The Salem metropolitan statistical area, as defined by the United States Census Bureau, is a metropolitan statistical area consisting of two counties in western Oregon, Marion and Polk. The principal city is Salem, the state capital, with an estimated population of 181,779 in 2025.
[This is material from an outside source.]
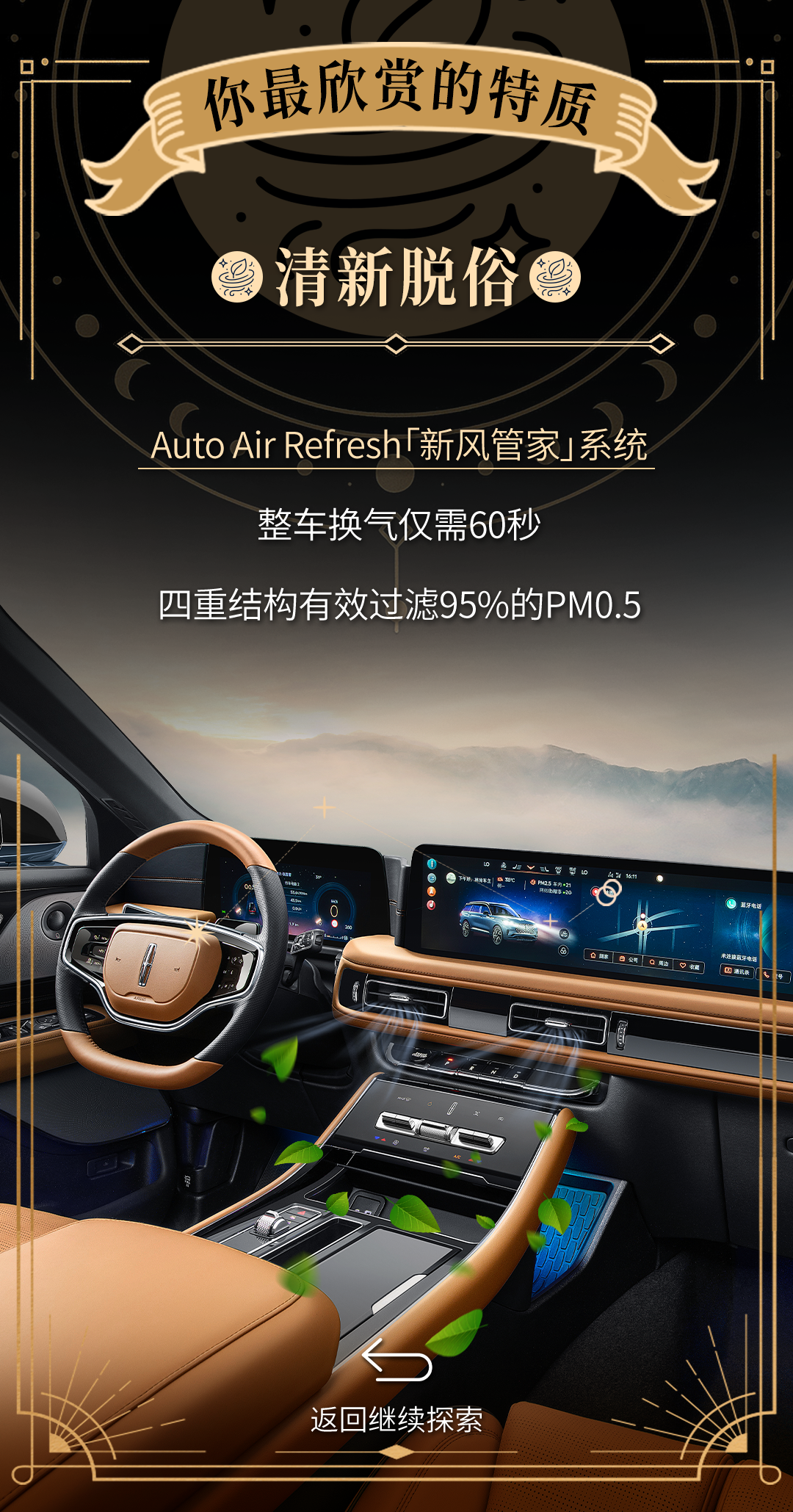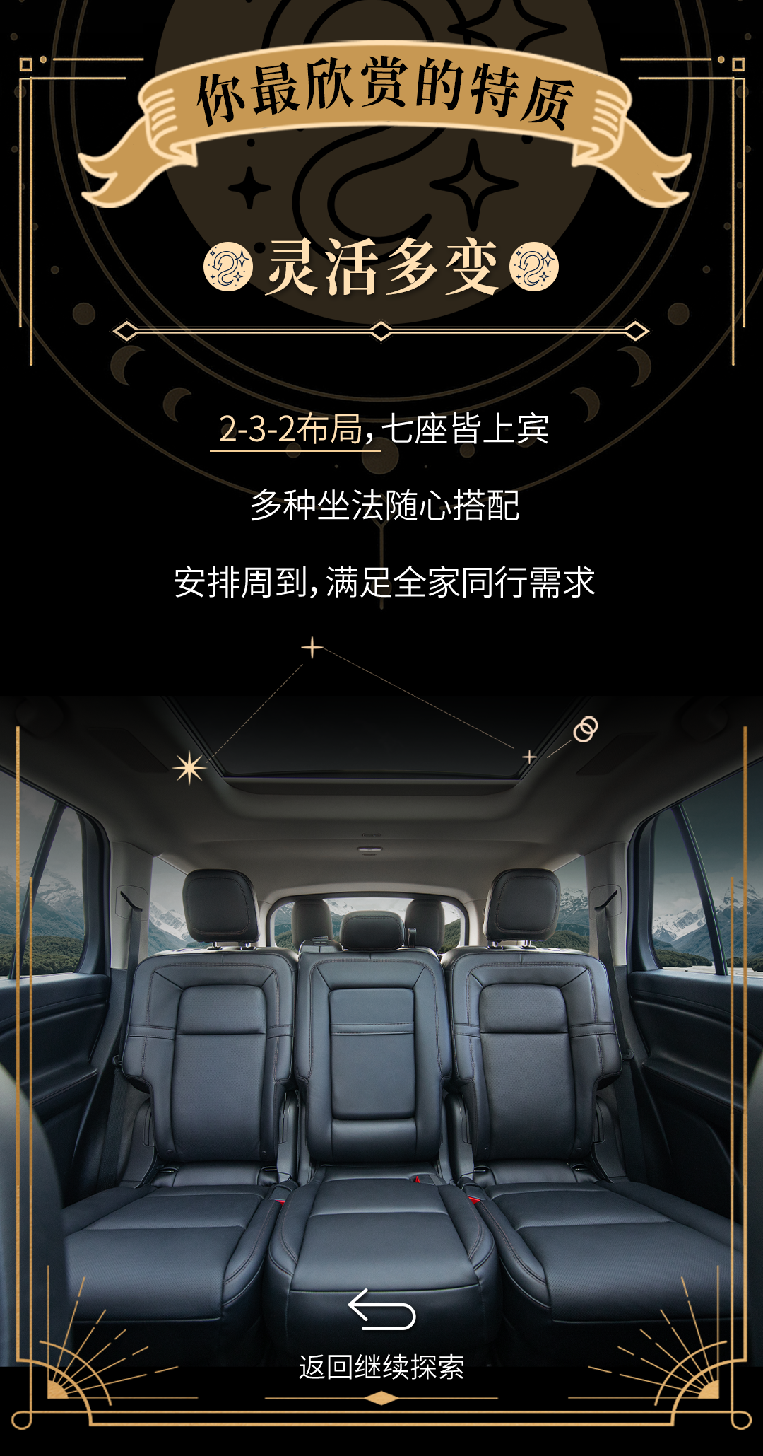 推荐:「自动展开」林肯飞行家「大七座」汽车的介绍,「点击弹出」查看强动力、大空间、灵布局、高安全,兼舒适、静谧、净空气与智能辅助驾驶等功能,借此宣传林肯汽车,吸引读者前往试驾。

A July 1, 2025 census estimate placed the population at 445,814, an increase of 2.88% from the 2020 census, an increase of 14.01% from the 2010 census, and an increase of 28.40% from the 2000 census.

==Counties==

| County | Seat | 2025 estimate | 2020 census | Change | Area | Density |
|---|---|---|---|---|---|---|
| Marion | Salem | 355,777 | 345,920 | +2.85% | 1,194 sq mi (3,090 km^{2}) | 298/sq mi (115/km^{2}) |
| Polk | Dallas | 90,037 | 87,433 | +2.98% | 744 sq mi (1,930 km^{2}) | 121/sq mi (47/km^{2}) |
| Total |  | 445,814 | 433,353 | +2.88% | 1,938 sq mi (5,020 km^{2}) | 230/sq mi (89/km^{2}) |

==Communities==
===Incorporated Places===
- Salem (180,406)
- Keizer (39,152)
- Woodburn (30,449)
- Dallas (17,911)
- Monmouth (11,651)
- Independence (10,295)
- Silverton (10,391)
- Stayton (8,521)
- Aumsville (4,216)
- Jefferson (3,296)
- Mount Angel (3,436)
- Hubbard (3,402)
- Sublimity (2,879)
- Gervais (2,571)
- Turner (2,414)
- Mill City (2,128)
- Aurora (1,122)
- Falls City (1,057)
- Donald (1,013)
- Gates (487)
- St. Paul (426)
- Scotts Mills (417)
- Detroit (189)
- Idanha (157)

===Census-designated places===
- Hayesville (21,891)
- Four Corners (16,740)
- Grand Ronde (2,010)
- Brooks (472)
- Labish Village (454)
- Mehama (317)
- Marion (307)
- Butteville (273)
- Fort Hill (154)
- Rickreall (76)
- Eola (60)

===Unincorporated places===
- Breitenbush
- Monitor
- Pedee
- Perrydale
- Pratum
- Rosedale
- Saint Louis
- West Stayton
- Zena

==Demographics==

Historical population
| Census | Pop. | Note | %± |
| 1850 | 2,749 |  | — |
| 1860 | 10,713 |  | 289.7% |
| 1870 | 14,666 |  | 36.9% |
| 1880 | 21,177 |  | 44.4% |
| 1890 | 30,792 |  | 45.4% |
| 1900 | 37,636 |  | 22.2% |
| 1910 | 53,249 |  | 41.5% |
| 1920 | 61,368 |  | 15.2% |
| 1930 | 77,399 |  | 26.1% |
| 1940 | 95,235 |  | 23.0% |
| 1950 | 127,718 |  | 34.1% |
| 1960 | 147,411 |  | 15.4% |
| 1970 | 186,658 |  | 26.6% |
| 1980 | 249,895 |  | 33.9% |
| 1990 | 278,024 |  | 11.3% |
| 2000 | 347,214 |  | 24.9% |
| 2010 | 390,738 |  | 12.5% |
| 2020 | 433,353 |  | 10.9% |
| 2024 (est.) | 443,416 |  | 2.3% |
U.S. Decennial Census 1790–1960 1900–1990 1990–2000 2010–2020

===2020 census===
As of the 2020 census, there were 433,353 people, 154,721 households, and _ families residing in the MSA. The population density was 87.05 PD/sqmi. There were 162,369 housing units at an average density of 32.62 /sqmi. The racial makeup of the MSA was 64.24% White, 1.03% African American, 1.09% Native American, 2.07% Asian, 0.93% Pacific Islander, 0.49% from some other races and 5.13% from two or more races. Hispanic or Latino people of any race were 25.03% of the population.

The median income for a household in the MSA was $72,150, and the median income for a family was $78,500. Males had a median income of $49,285 versus $44,117 for females. The per capita income for the MSA was $34,126.